- [What is needed]: From the line containing "in oro bianco, anni" down to the final line of the entries below, return each line exactly and drop the pictures.

Data below:

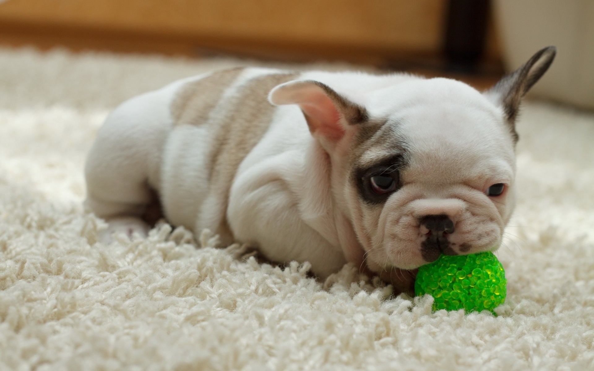 A puppy with a green ball in his teeth
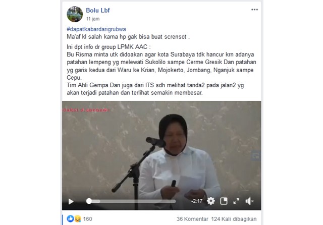 ”Ini dpt info dr group LPMK AAC. Bu Risma minta utk didoakan agar kota Surabaya tdk hancur krn adanya patahan lempeng yg melewati Sukolilo sampe Cerme Gresik Dan patahan yg garis kedua dari Waru ke Krian, Mojokerto, Jombang, Nganjuk sampe Cepu.” Begitu penggalan narasinya.
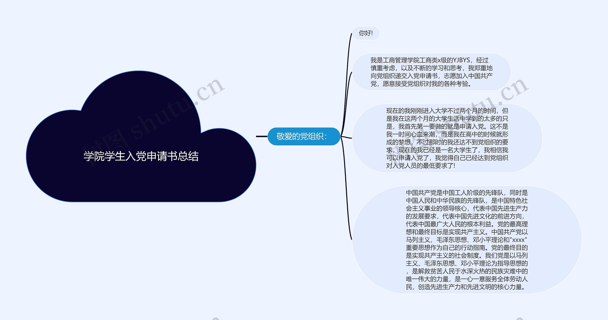 树图思维导图提供《学院学生入党申请书总结》在线思维导图免费制作,点击“编辑”按钮,可对《学院学生入党申请书总结》进行在线思维导图编辑,本思维导图属于思维导图模板主题,文件编号是:f945feeaaaaa458f41fdf6505bf4dcd9
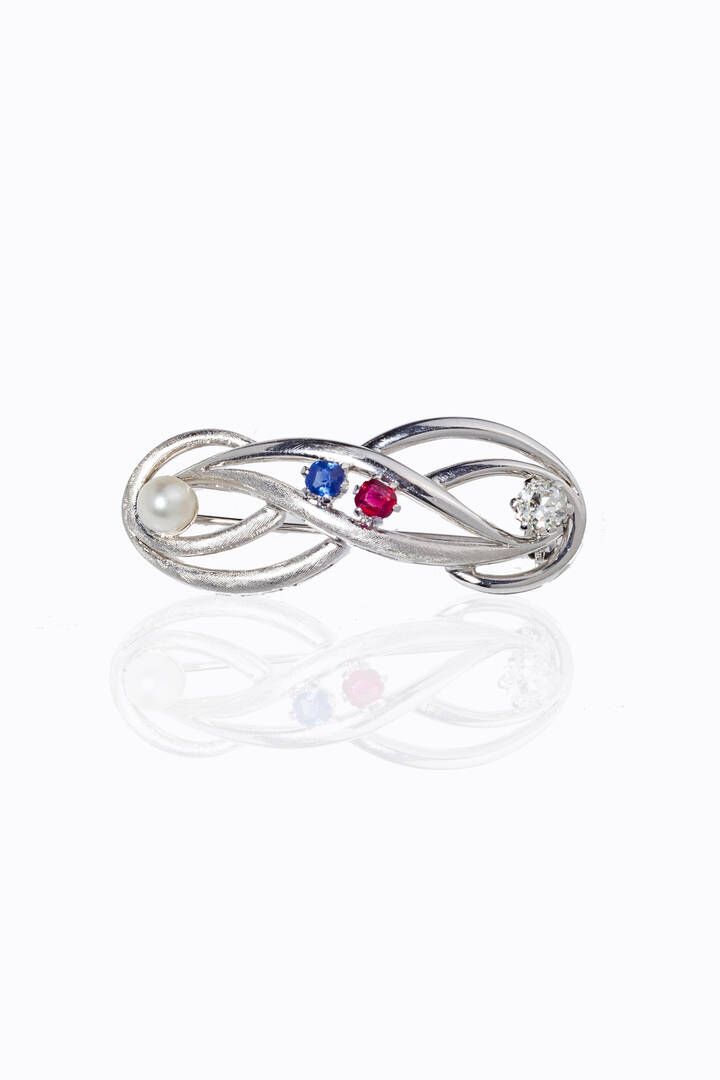 in oro bianco, anni '50, ad intreccio, con pietre sintetiche di vari colori, una perlina e un diamante taglio vecchio di ct 0,50 ca
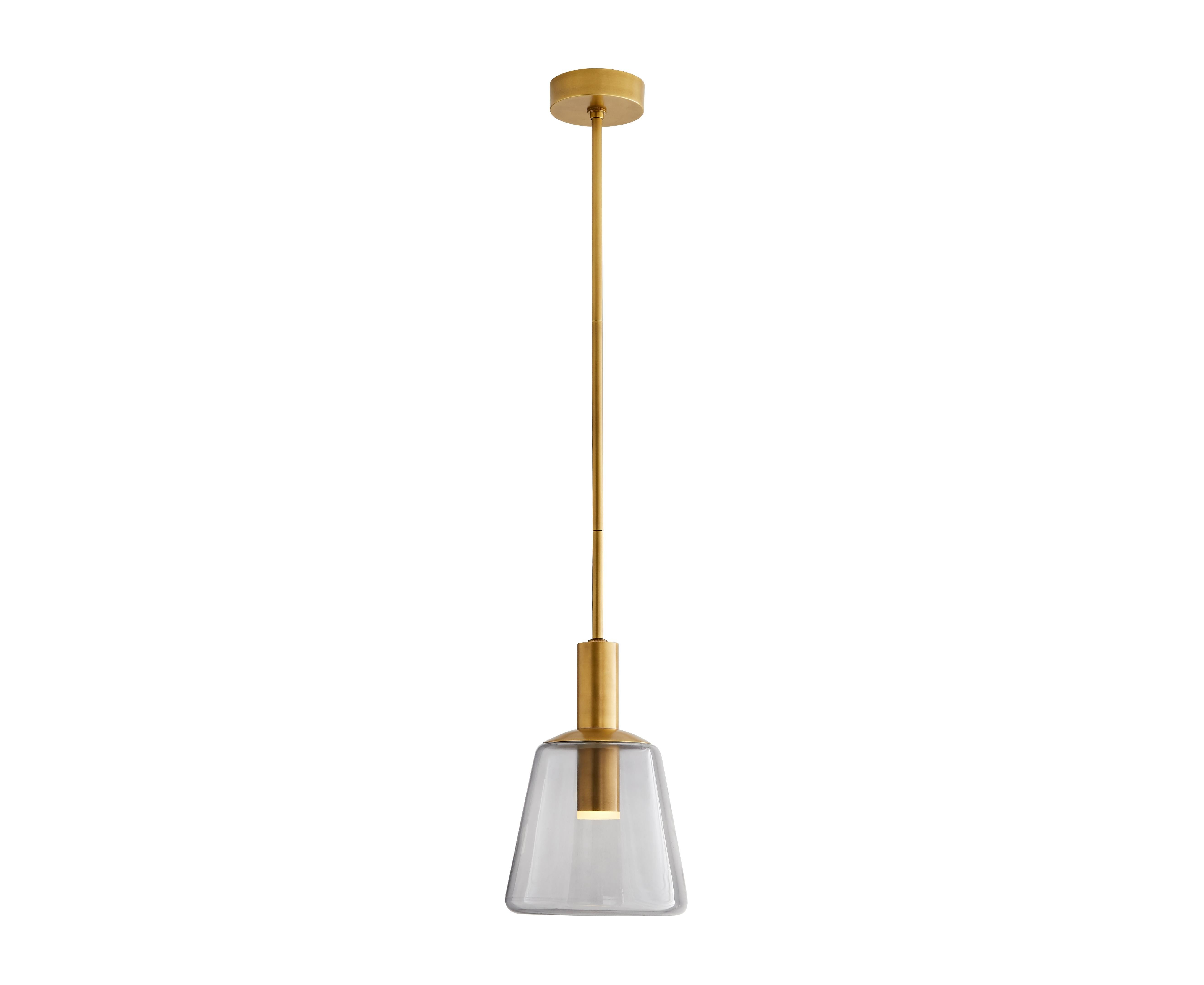 Современная элегантность упрощена с этим гладким и стильным кулоном. Стеклянный рассеиватель подвешен на стальном стержне с античной латунной отделкой, которая акцентирует и осветляет угрюмый оттенок дымчатого стекла. Светодиодный свет, окруженный стволом, распространяется по абажуру, чтобы направлять поток яркого света. Абажур съемный, что облегчает его очистку. Отличная демонстрация на кухонном острове или домашнем баре. Одобрено для использования на крытых уличных площадках.

End of Data.

- [Answer for the task]:
 in oro bianco, anni '50, ad intreccio, con pietre sintetiche di vari colori, una perlina e un diamante taglio vecchio di ct 0,50 ca
 Современная элегантность упрощена с этим гладким и стильным кулоном. Стеклянный рассеиватель подвешен на стальном стержне с античной латунной отделкой, которая акцентирует и осветляет угрюмый оттенок дымчатого стекла. Светодиодный свет, окруженный стволом, распространяется по абажуру, чтобы направлять поток яркого света. Абажур съемный, что облегчает его очистку. Отличная демонстрация на кухонном острове или домашнем баре. Одобрено для использования на крытых уличных площадках.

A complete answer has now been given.